UNITED STATES
                     SECURITIES AND EXCHANGE COMMISSION
                           Washington, D.C. 20549

                      ---------------------------------


                                  FORM 8-K

                               CURRENT REPORT
                       PURSUANT TO SECTION 13 OR 15(d)
                   OF THE SECURITIES EXCHANGE ACT OF 1934




        Date of Report (Date of earliest event reported)  March 11, 1999
                                                          --------------


                                 NEWELL CO.                              
              -------------------------------------------------
             (Exact Name of Registrant as Specified in Charter)
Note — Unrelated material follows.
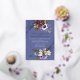 Stylish & elegant wedding invitation features gorgeous fresh floral bouquets for spring, summer, or fall weddings. Persian Periwinkle is a new medium dark periwinkle colour. Harmonises with dusty blues.
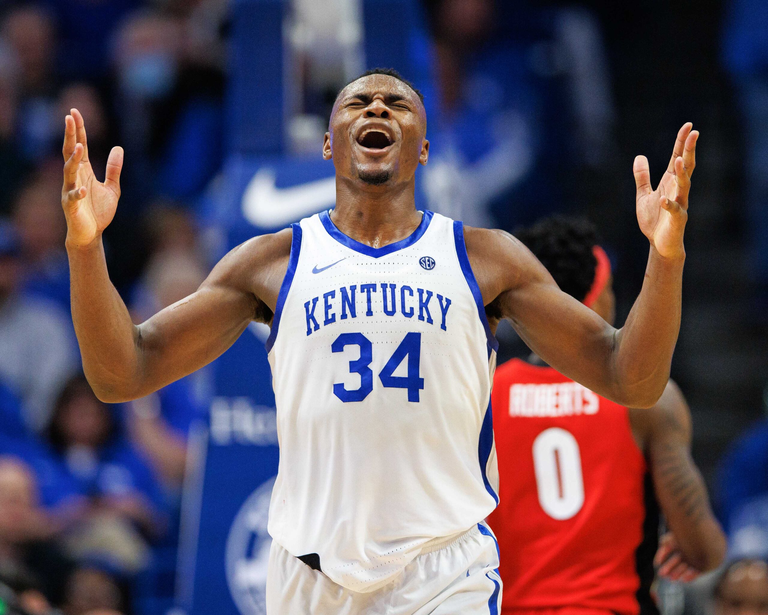 Jan 17, 2023; Lexington, Kentucky, USA; Kentucky Wildcats forward Oscar Tshiebwe (34) reacts to a call during the second half against the Georgia Bulldogs at Rupp Arena at Central Bank Center. Mandatory Credit: Jordan Prather-USA TODAY Sports

          Delaware               1-9608             36-3514169
         ---------            -----------           -----------
     (State or Other          (Commission          (IRS Employer
      Jurisdiction of         File Number)      Identification No.)
       Incorporation)


             29 East Stephenson Street, Freeport, Illinois 61032
             ---------------------------------------------------
            (Address of Principal Executive Offices)   (Zip Code)


   Registrant's telephone number, including area code     815) 235-4171 
                                                          --------------



   ITEM 5.  OTHER EVENTS.

        At a special meeting of the stockholders of Newell Co. ("Newell")
   held on March 11, 1999, Newell's stockholders approved two proposals
   relating to Newell's previously announced proposed acquisition of
   Rubbermaid Incorporated ("Rubbermaid") through the merger of a wholly
   owned subsidiary of Newell with and into Rubbermaid (the "Merger"). 
   The first proposal approved was the authorization of the issuance to
   Rubbermaid stockholders of 0.7883 of a share of Newell's common stock
   for each share of Rubbermaid common stock held by those stockholders
   at the time of the Merger.  The second proposal approved was the
   amendment of Newell's Restated Certificate of Incorporation, as
   amended, to change Newell's name at the time of the Merger to "Newell
   Rubbermaid Inc."  Newell expects to complete the Merger within the
   next two weeks.

        The text of the joint press release of Newell and Rubbermaid
   issued on March 11, 1999 relating to the stockholders' approval of the
   proposals relating to the Merger is filed herewith as Exhibit 99.1.

   ITEM 7.   FINANCIAL STATEMENTS, PRO FORMA FINANCIAL INFORMATION AND
             EXHIBITS.

        (c)  Exhibits.

             99.1 Text of joint press release of Newell and Rubbermaid
                  issued March 11, 1999.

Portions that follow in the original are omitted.